Small government contractors can lead job creation

Small businesses – including the majority of defense contractors – are capable and willing to lead the charge of job creation and economic recovery. We just need support, not accusations and more barriers.

The discussion of how to create jobs now that the recession is waning appears to be missing the obvious. Although unemployment numbers are a lagging indicator of a recession and therefore poor numbers should be expected even as the economy recovers, government pundits fail to realize that creating incentives for small businesses to hire workers is the fastest way to encourage new growth and jobs.

In the latest move, the Obama administration is looking to provide loans and tax breaks to small businesses, nonsensically on the heels of initiating policies that will dramatically increase taxes on those same small businesses.

Routinely the media and politicians vilify financial institutions for ripping off the public, insurance companies for making excessive profits on health care, and multi-national corporations for dodging U.S. taxes. This demonization serves as a basis for increasing taxes on the wealthy and changing some government contract workers into federal government employees.

Small business owners are then expected to fund stimulus packages, bailouts of incompetent auto companies, health care reform or whatever else the government can justify in the name of “recovery.”

Let’s keep it simple. Small businesses – including the majority of defense contractors – are capable and willing to lead the charge of job creation and economic recovery. We just need support, not accusations and more barriers. The economy makes reducing unemployment tough enough. An unfriendly political environment for business keeps us from doing what we would otherwise be busy doing, creating jobs.
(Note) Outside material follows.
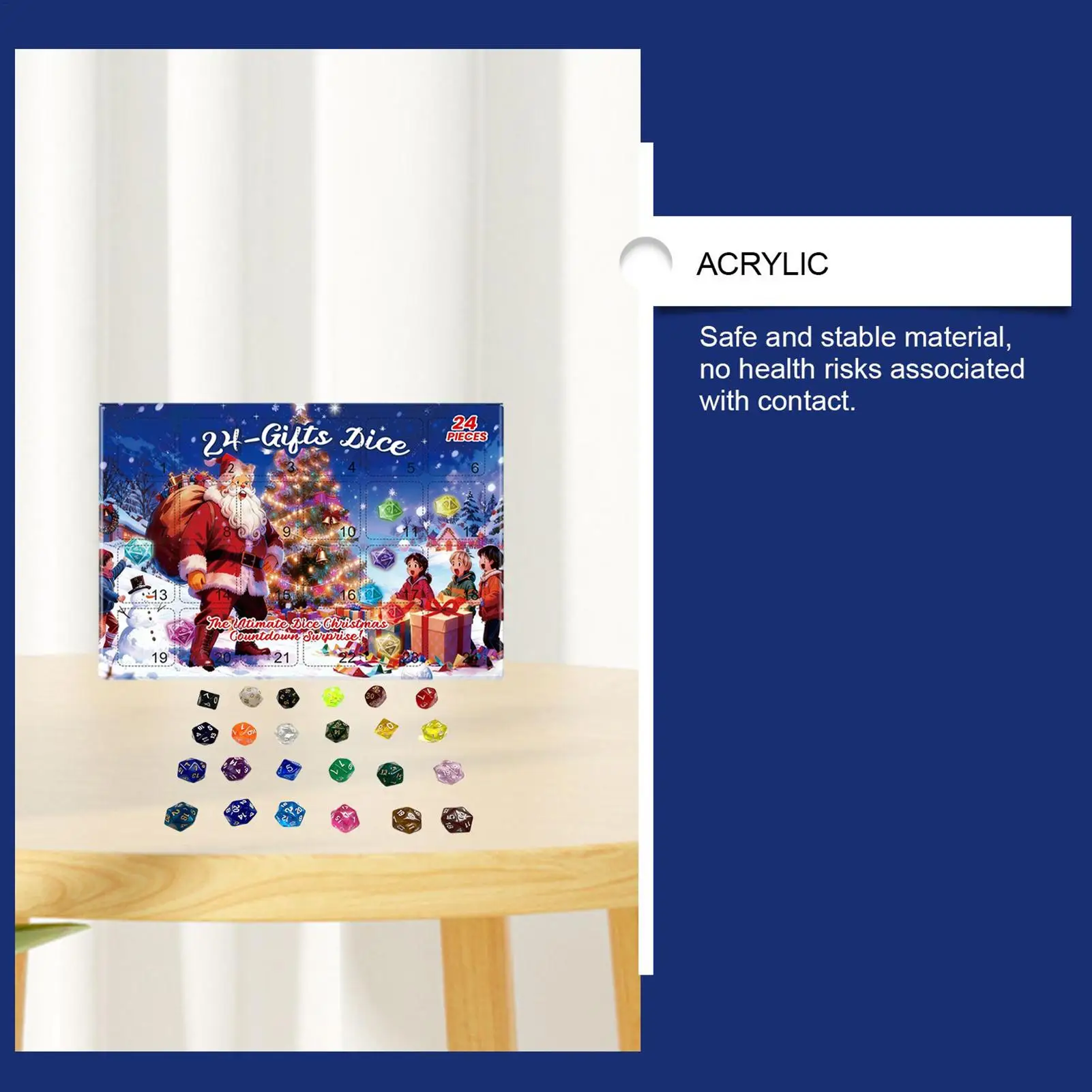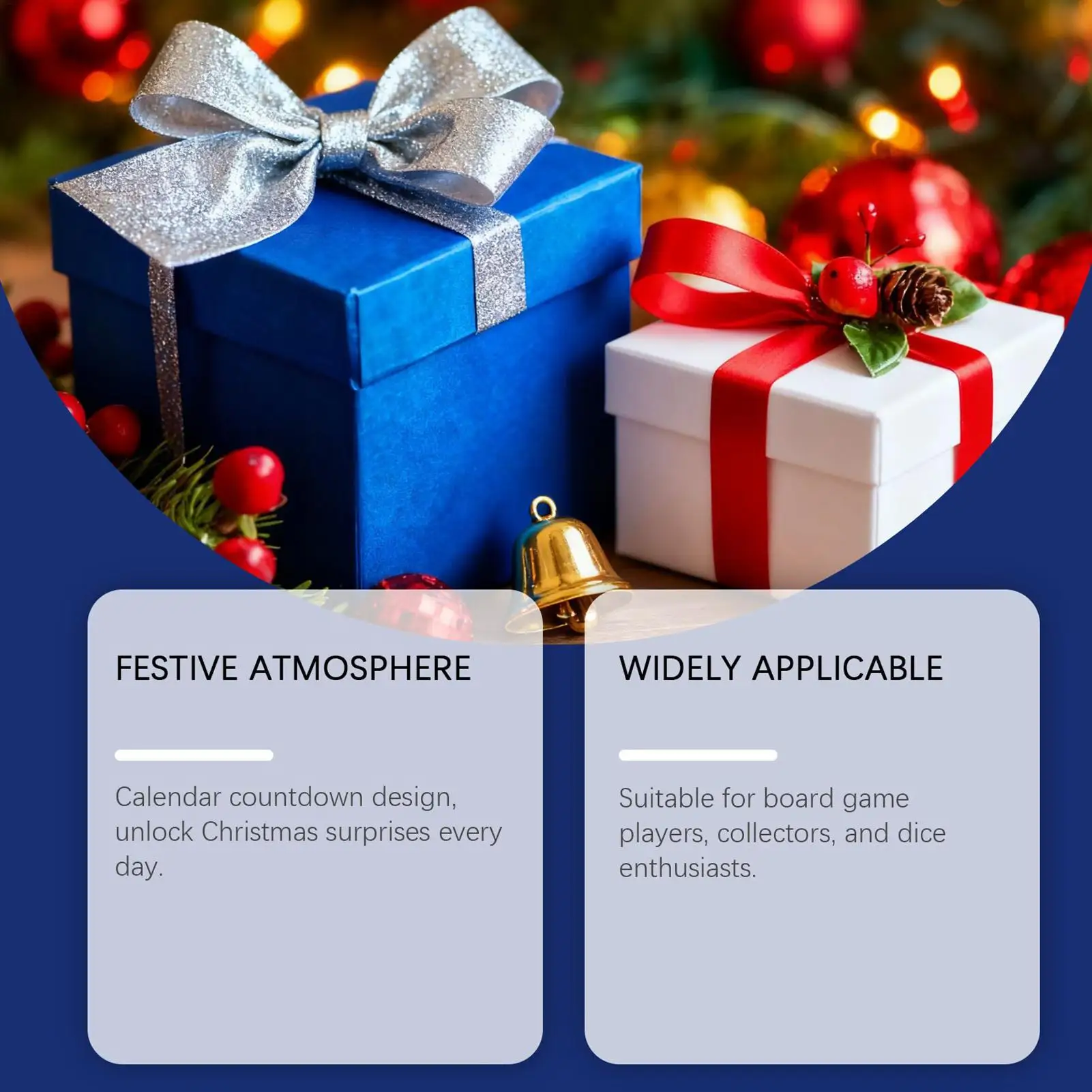 El calendario de cuenta regresiva para niños con juego de dados de 24 días es una adición atractiva y versátil a sus celebraciones navideñas.Diseñado como complemento de juegos de fiesta y accesorio de juegos de mesa, este conjunto brinda emoción a hombres, niños, niñas, jóvenes, adolescentes, esposas, esposos, hijas, familias y amigos por igual.Adecuado para crear momentos memorables durante reuniones festivas, fomenta la interacción y la diversión entre todos los grupos de edad.Ya sea que se utilice como cuenta regresiva para una ocasión especial o como integración en las noches de juego diarias, este juego de dados fomenta la conexión y el entretenimiento.Su adaptabilidad lo hace ideal para diversos entornos, desde veladas familiares hasta reuniones amigables.

Don’t let the facts escape the debate

All the talk about the power of big companies and big government being the keys to growth fails to grasp reality. Consider these facts as posted by the National Federation of Independent Business:

  • Small business produce roughly half the private Gross Domestic Product and creates on average about two-thirds of net new jobs annually.
  • Small businesses are the greatest source of new employment in inner cities, comprising more than 99 percent of establishments and 80 percent of total employment.
  • American small business is the world’s second largest economy, trailing only that of the United States as a whole.
  • Small businesses employ more than half of all private sector employees.
  • Small businesses represent 99.7 percent of all employers.
  • Women-owned businesses have grown at about twice the rate of all firms; and minority-owned firms have grown at about four times the rate of all firms.

Small businesses are the answer

The fact is small businesses consistently drive more growth, more jobs and more new ideas. And most of that is not paid for by large government or financial institutions but by the company founders or private equity financing.

This growth provides far greater career opportunity for younger employees without the seniority and time-in-service requirements of government workers or large company bureaucracies.

Small businesses often find innovative ways to create value in a static market, opening job opportunities that did not previously exist. Moreover, these organizations often are the first to hire in a growing economy, eager to expand to a new customer base and unrestricted by multi-year strategic hiring plans that bind large companies.

Many small business owners I know that have downsized are holding off on expanding not because they fear a deepening recession, but because they expect increased taxes and costs.

The "surcharge on the wealthy" in the health care reform bill as passed by the House, in addition to allowing previous tax cuts to expire, will raise the top tax rate in some states to over 60 percent. And, yes, to preempt the obvious jejune argument, money spent by a business for growth doesn’t get taxed, but the company first must accumulate the cash before spending it (unless it simply lives hand to mouth).

Nevertheless, all business profits are taxed, regardless of whether they are intended for growth or not.

The current trend in government to in-source previously contracted positions is also a step in the wrong direction if job creation is the goal.

Successful companies that employ good people can stand as a virtuous cycle in the creation of new opportunities, the development of innovative intellectual property, and the generation of jobs.

But the same workers in a government position always will be paid for by the taxpayer, in a culture where spending every dime of an annual budget is the key to success rather than developing ways to achieve the same goal using less capital.

As an example, look at the desire to take the so-called saved money from the unspent TARP funds and spend it on other programs rather than paying down the deficit or reducing the proposed tax increases.

The bottom line is small businesses as a whole are in a critical position to lead or lag the nation in creating job opportunities.

So while political pundits and media talking heads argue incessantly over the “solution,” those of us who have started companies through hard work and personal risk will press on, knowing that the fate of the current economy will be decided by individual actions more than by large government bureaucracies. Such has always been the American way.

So don’t mind us while we get ourselves and others to work. Just don’t keep us from doing what we do best by taxing or federalizing us into stagnation.